# Broadband on the Move



## feltox (2 Nov 2010)

I presently have vodafone mobile broadband on a stick- Does not allow me use skype

Can anyone recommend another provider they are using for *pay as you go* mobile broadband stick which does allow skype and skype works on it.

Need enough usage for skype and small bit of mobile surfing a month.

Thank you in advance


----------



## doylej7 (21 Sep 2011)

Hey there, did you find an answer?
Looking at getting mobile broadband, need it for about three months, will be using it intensively enough. Skype and streaming sports and films etc.. 
Can you recommend a service?


----------



## JoeB (21 Sep 2011)

Mobile broadband is unsuitable for the uses you describe. There is a technical limitation which cannot be overcome easily. The 'latency' is too high... this means that a 'ping' sent from one computer to another takes 100ms to 200ms, rather than about 30ms to 50ms which would be considered broadband in other countries. This slowness of response makes for terrible streaming of anything, .. including live football, or voip calls.
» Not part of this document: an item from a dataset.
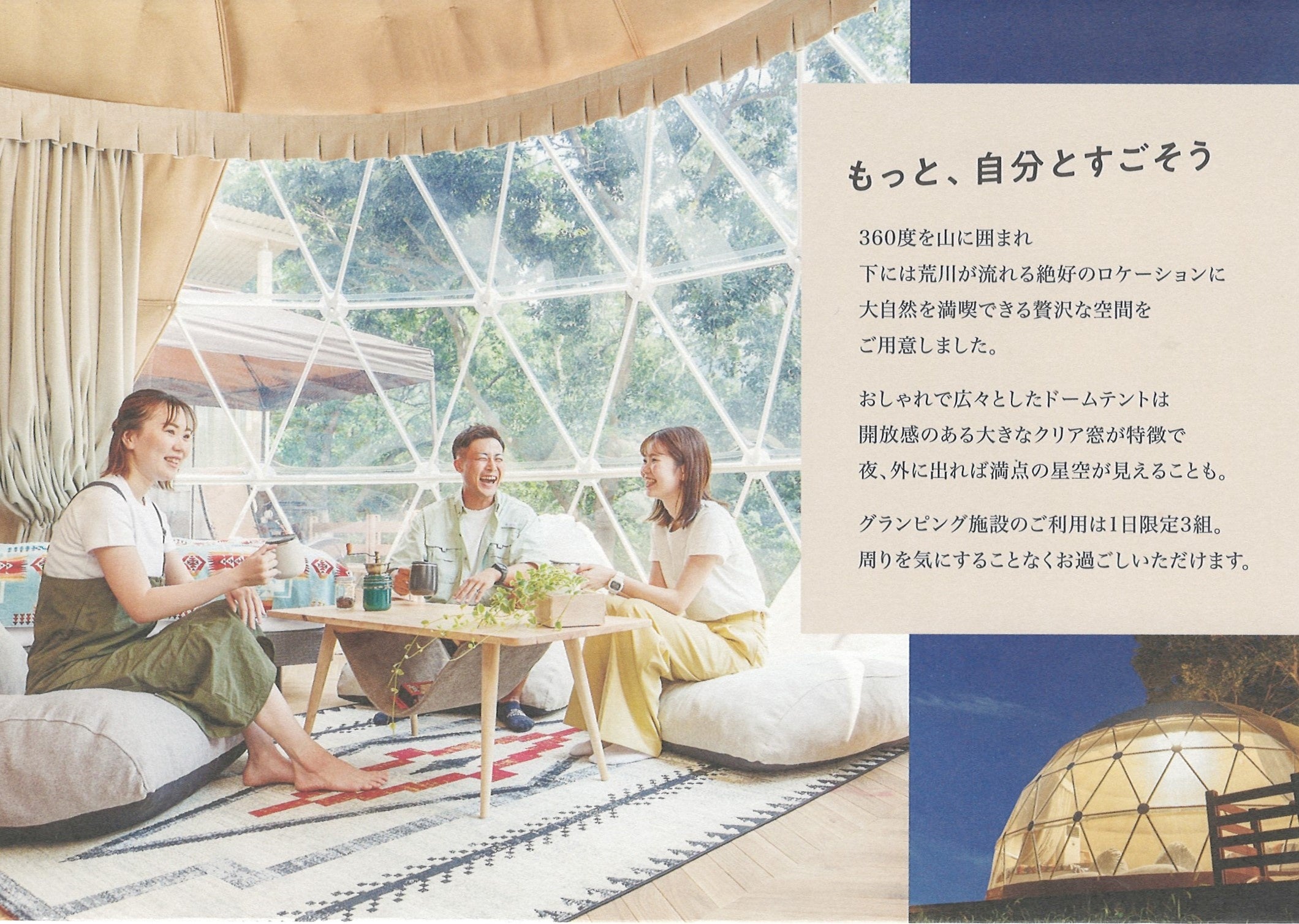 2023年10月にOPENしたグランピング施設Morethan Paradiseで人気のサウナ付きグランピングを☆学割☆使ってお得に体験!卒業旅行にお勧め!

So there is a technical limitation, and mobile 3G services are called midband in other European countries for a reason,.. because it is not broadband, and cannot be substituted for broadband. It is called broadband in Ireland for a reason too... because we cannot get real broadband to people, so it is convienient for us to relabel midband as broadband, and voila, .. we now have much better broadband penetration,.. and all at the stroke of a pen.

Google just released the worlds fastest service in San Franscisco... 1Gb/s.. that's 1000 Mb/s,... or a full 700Mb movie in less than ten seconds, if downloaded at full speed.
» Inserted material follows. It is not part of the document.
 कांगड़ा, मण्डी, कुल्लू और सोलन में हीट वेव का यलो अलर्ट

To be fair the meteor 3G service is very fast for volume downloads (and the others can be reasonable speeds), but they are still unsuitable for online gaming, online poker, voip, or streaming.


VOIP will be specifically banned in your terms and conditions by several operators.

I suppose I should add that you may not have a choice.. I use mobile broadband and it is ok, so just go for it. Meteor currently have the fastest network.


----------